Personal information
- Date of birth: 24 December 1992 (age 33)
- Place of birth: Lagos, Nigeria
- Height: 1.79 m (5 ft 10+1⁄2 in)
- Position: Winger

Team information
- Current team: Dhaka Abahani
- Number: 12

Youth career
- Water FC

Senior career*
- Years: Team / Apps / (Gls)
- 2010: Heartland / 29 / (15)
- 2011–2013: Kryvbas Kryvyi Rih / 44 / (2)
- 2013–2015: Volyn Lutsk / 36 / (4)
- 2015: Dnipro Dnipropetrovsk / 2 / (0)
- 2015–2016: Raja Casablanca / 14 / (3)
- 2016–2018: Qatar SC / 25 / (20)
- 2018–2021: Wydad AC / 32 / (12)
- 2022–2023: Laçi / 24 / (2)
- 2024: Mash’al Mubarek / 19 / (3)
- 2025: KS Pogradeci / 9 / (1)
- 2026–: Dhaka Abahani / 0 / (0)

International career^{‡}
- 2013–2016: Nigeria / 11 / (0)

= Michael Babatunde =

Nigerian footballer (born 1992)

Michael Babatunde (born 24 December 1992) is a Nigerian footballer who plays as a winger for Bangladesh Premier League club Dhaka Abahani.
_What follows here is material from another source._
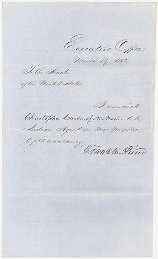 | Keywords: center for legislative archives centerforlegislativearchives u.s. national archives usnationalarchives nara:arcid=306434 president pierce presidentpierce franklin pierce franklinpierce kit carson kitcarson carson indian agent indianagent new mexico newmexico 1853 text writing document drawing sketch Original Caption: Message of President Franklin Pierce nominating Kit Carson to be Indian Agent in New Mexico, 03/19/1853 Created By: U.S. Senate.(03/04/1789 - ) From: Record Group/Collection: 46 From: Executive Nominations for the Special Session of the 33rd Congress, 03/04/1853 - 04/11/1853 Production Dates: 03/19/1853 Persistent URL: arcweb.archives.gov/arc/action/ExternalIdSearch?id=306434 Reference Unit: Center for Legislative Archives (NWL), National Archives Building Access Restrictions: Unrestricted Use Restrictions: Unrestricted Original Caption: Message of President Franklin Pierce nominating Kit Carson to be Indian Agent in New Mexico, 03/19/1853 Created By: U.S. Senate.(03/04/1789 - ) From: Record Group/Collection: 46 From: Executive Nominations for the Special Session of the 33rd Congress, 03/04/1853 - 04/11/1853 Production Dates: 03/19/1853 Persistent URL: arcweb.archives.gov/arc/action/ExternalIdSearch?id=306434 Reference Unit: Center for Legislative Archives (NWL), National Archives Building Access Restrictions: Unrestricted Use Restrictions: Unrestricted |
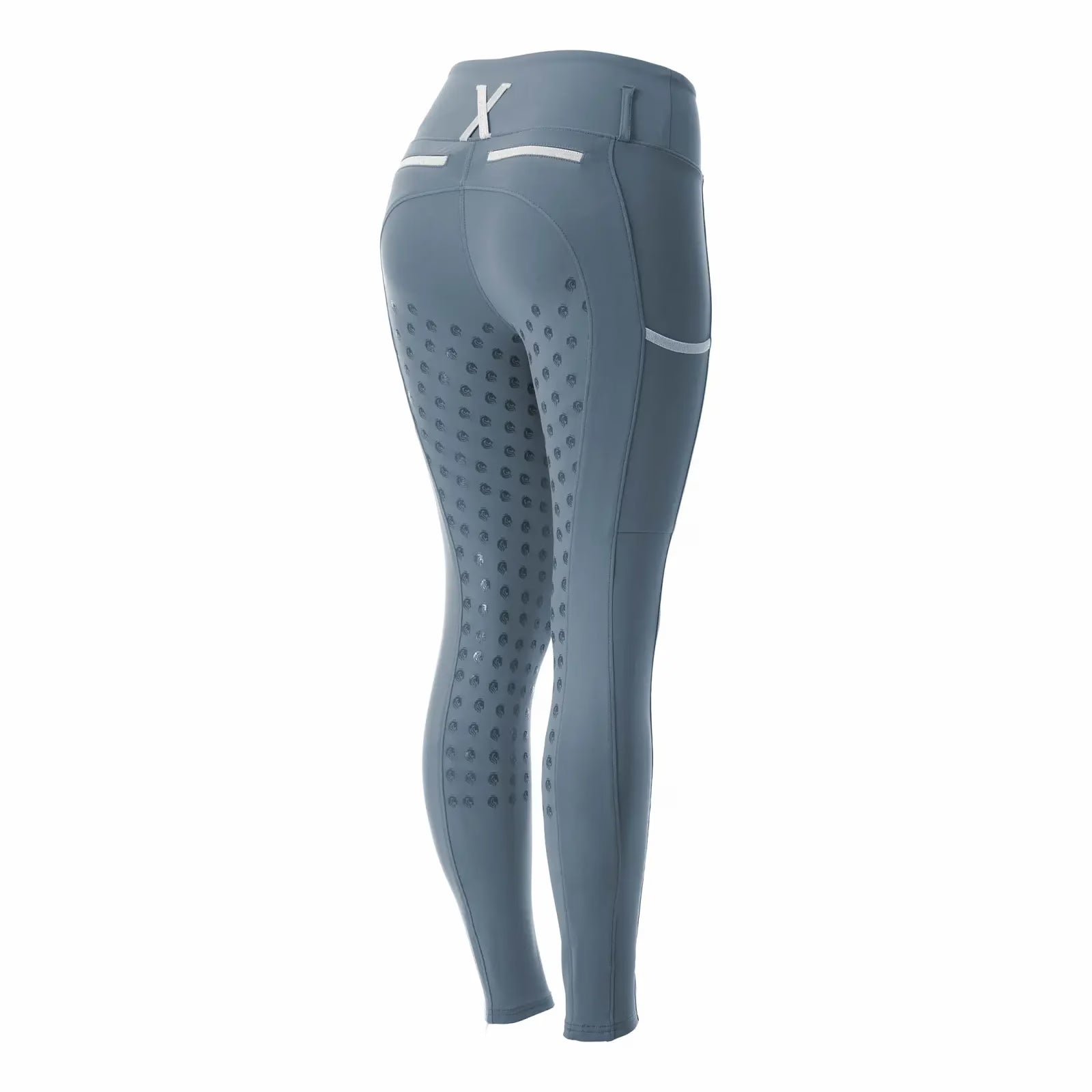 The Equinavia Mia Women’s Full Grip Tights offer a lightweight, mid-high rise design. Crafted from the same high-performance fabric as the popular Maja tights, they provide exceptional stretch and breathability while being supportive and firming. The high waistband features offset belt loops for a secure and flattering fit, while two deep side pockets and faux back pockets are accented with shimmery tape for a touch of elegance. A 3/4 silicone seat ensures optimal grip across disciplines, and gripper bottoms keep the tights securely in place for all-day comfort in the saddle.

He began his playing career in Nigeria before playing for clubs in Ukraine, Morocco, and Qatar. He also represented the Nigeria national team, participating in the 2013 FIFA Confederations Cup and the 2014 FIFA World Cup.

==Club career==
Babatunde moved to Ukraine in 2011, joining Kryvbas Kryvyi Rih and beginning his career in Europe. He later played for Volyn Lutsk, and on 13 August 2015, he signed a one-year contract with Dnipro. Upon joining Dnipro, he described the club as one of the biggest clubs in Ukraine and said that playing for the club had been his dream.
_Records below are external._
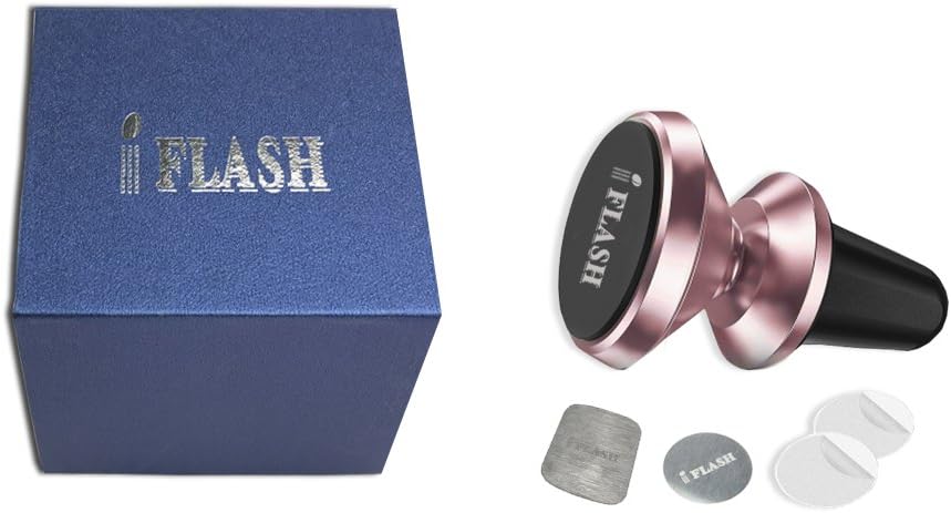 Magnetic Mount, iFlash Aluminum Universal Air Vent Magnetic Car Mount Phone Holder, 360 Degree Rotation for Multi-Angle View, Cradle-Less Car Phone Mount Stand, for Apple iPhone/Galaxy (Rose Gold)
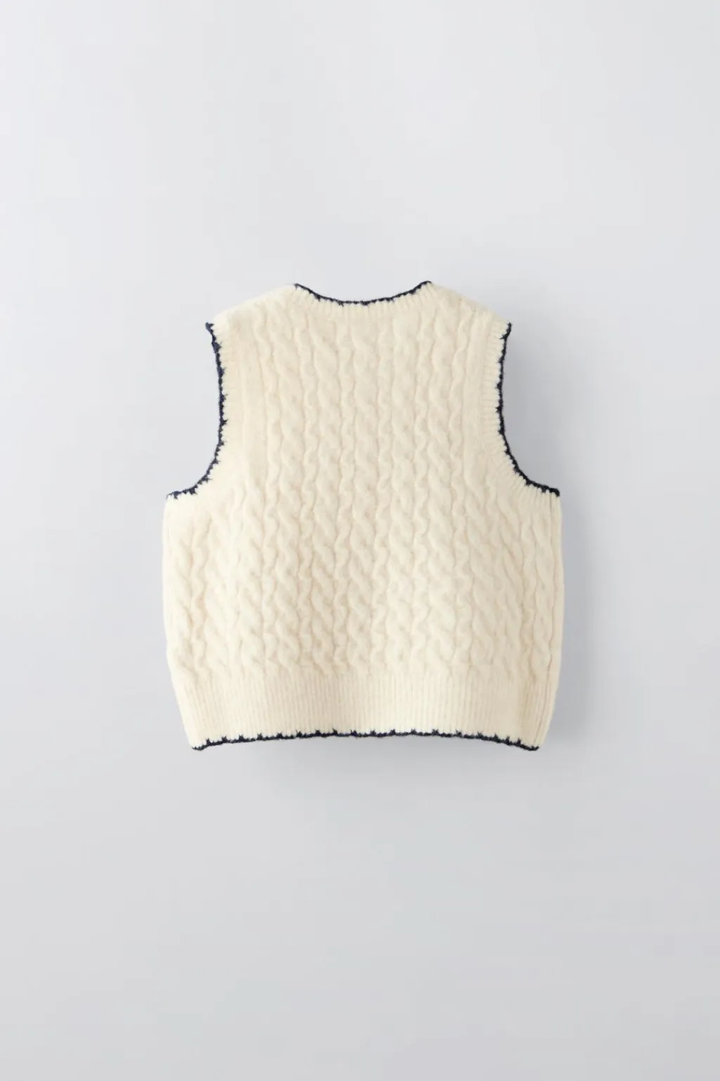 Chaleco con cuello redondo y manga sisa. Acabados a contraste. Aplique con abalorios en bajo.
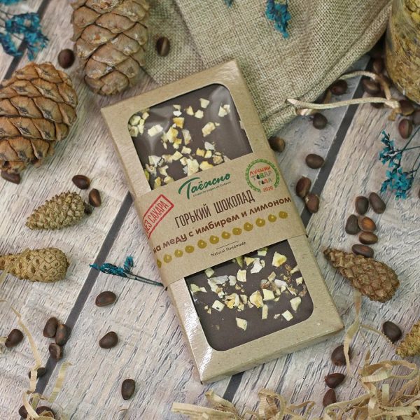 Шоколад горький на меду с имбирем и лимоном 60 г «Таежно»
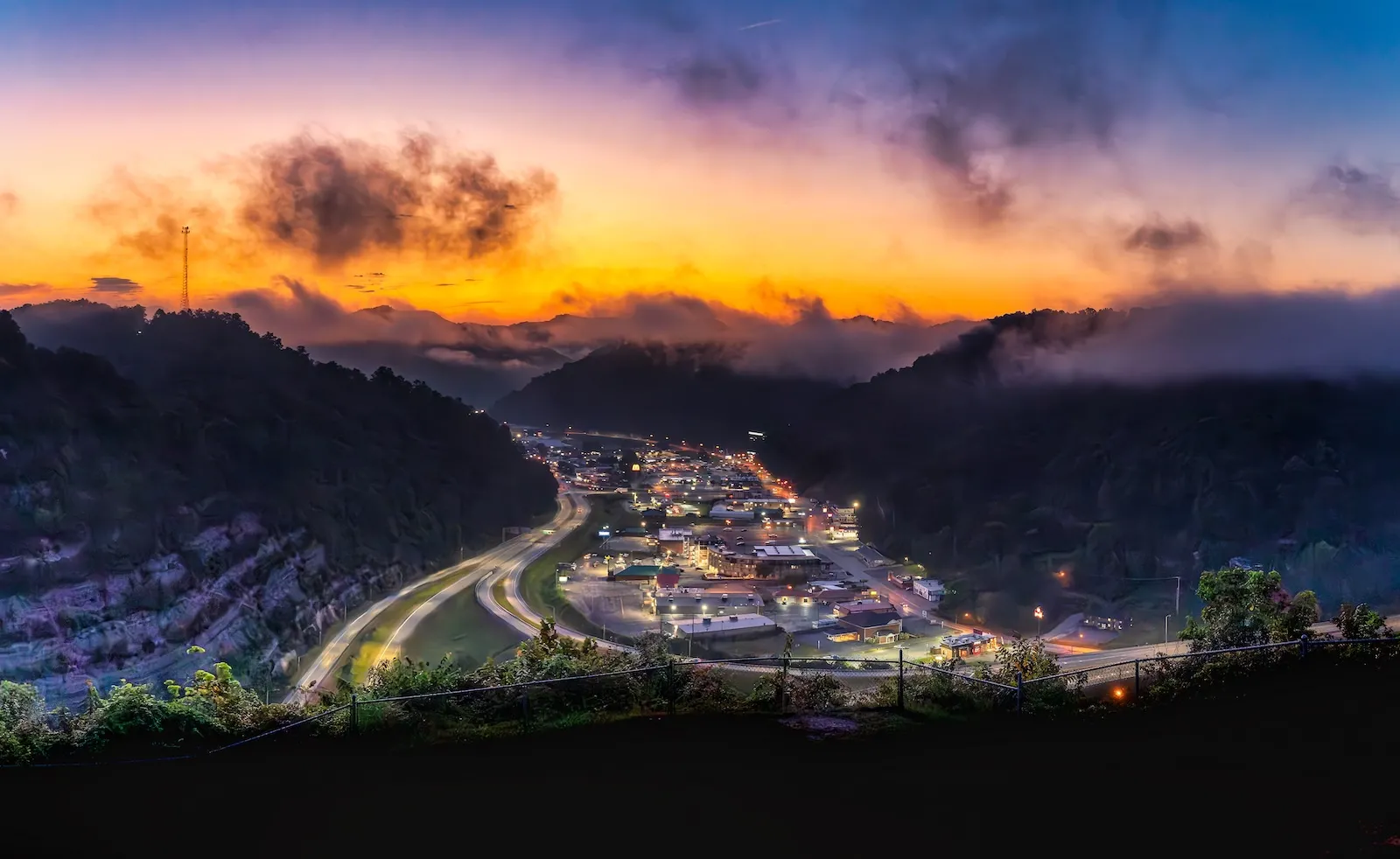 Sunrise stitched panorama of downtown Pikeville, home of the University of Pikeville
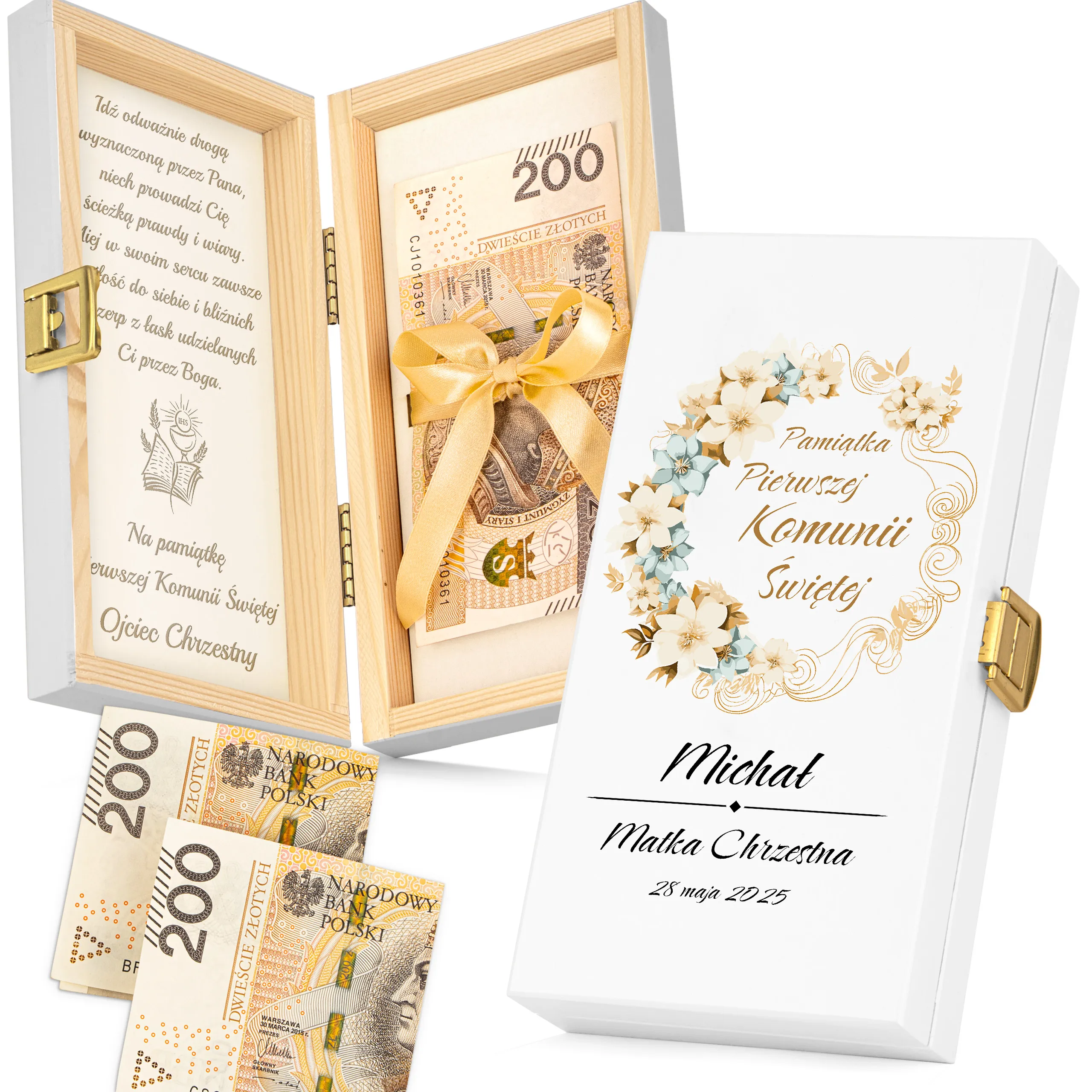Szukasz eleganckiego i trwałego sposobu na wręczenie pieniędzy z okazji Pierwszej Komunii Świętej?

In December 2015, Babatunde joined Raja Casablanca in Morocco. He played in the Botola Pro during the 2015–16 season, scoring three goals. His performances as a foreign player attracted attention in the Moroccan league's foreign player category at the end of the season.

On 31 May 2016, he moved to Qatar SC, a club in the Qatar Stars League. Qatar SC were in the second tier at the time, and Babatunde helped the team earn promotion, finishing as runners-up in the 2016–17 Qatar Second Division and securing promotion to the top flight.
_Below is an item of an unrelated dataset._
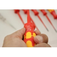 De veiligheids-schroevendraaier, voldoet aan de normen van de VDE. Met gereduceerde klingdiameter, handig bij het werken aan schakelkasten met weinig ruimte.
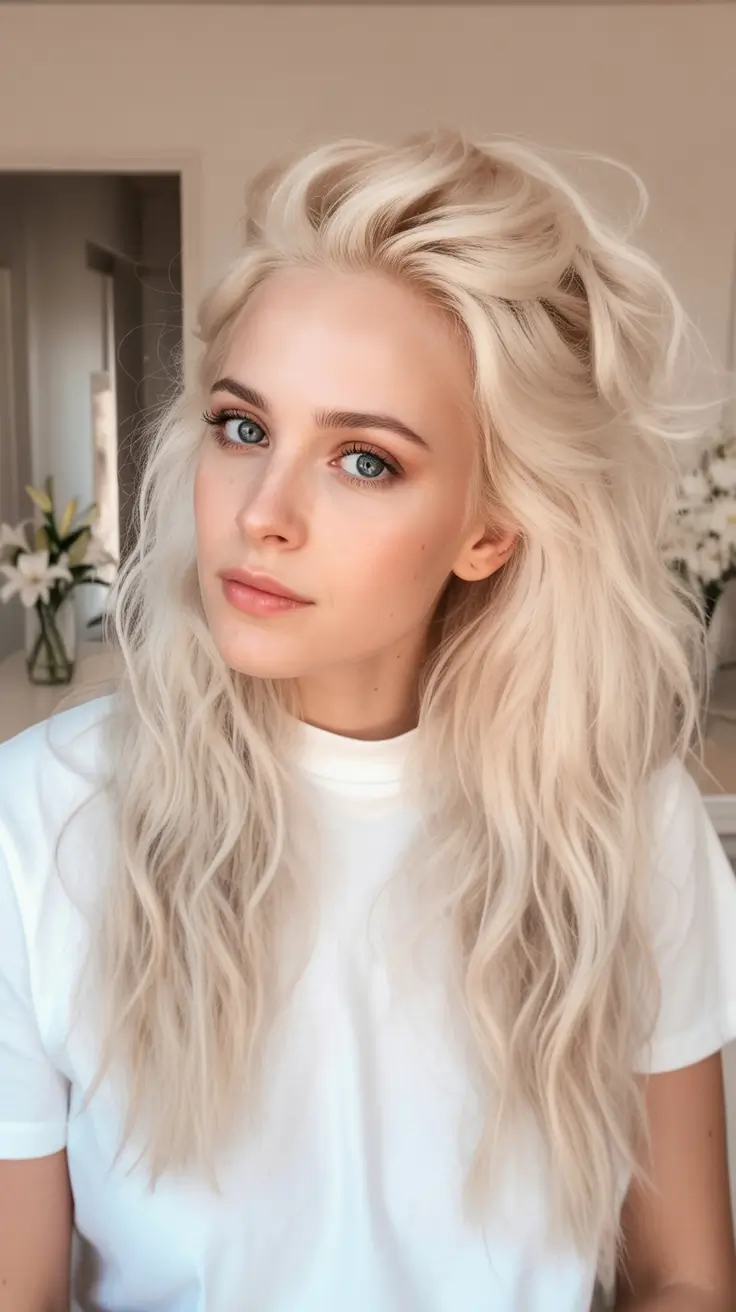 Flowy and ethereal cool-tone platinum which turns into airy curls that are lightweight at the crown and then melt into airy curves like Sunday morning in a white tee. The trick is being less hard: nothing crunchy, just tossily and with a bit of root volume. On Blonde lengths the impact is polished, modern and so 2025.

In 2018, he returned to Morocco and signed a three-year contract with Wydad AC. With Wydad AC, he won the Botola Pro title in the 2018–19 season and also reached the final of the CAF Champions League in the same season.

==International career==
Babatunde played for the Nigeria national team from 2013 to 2016. He made his debut at the 2013 FIFA Confederations Cup, coming on as a substitute in Nigeria's group-stage match against Uruguay.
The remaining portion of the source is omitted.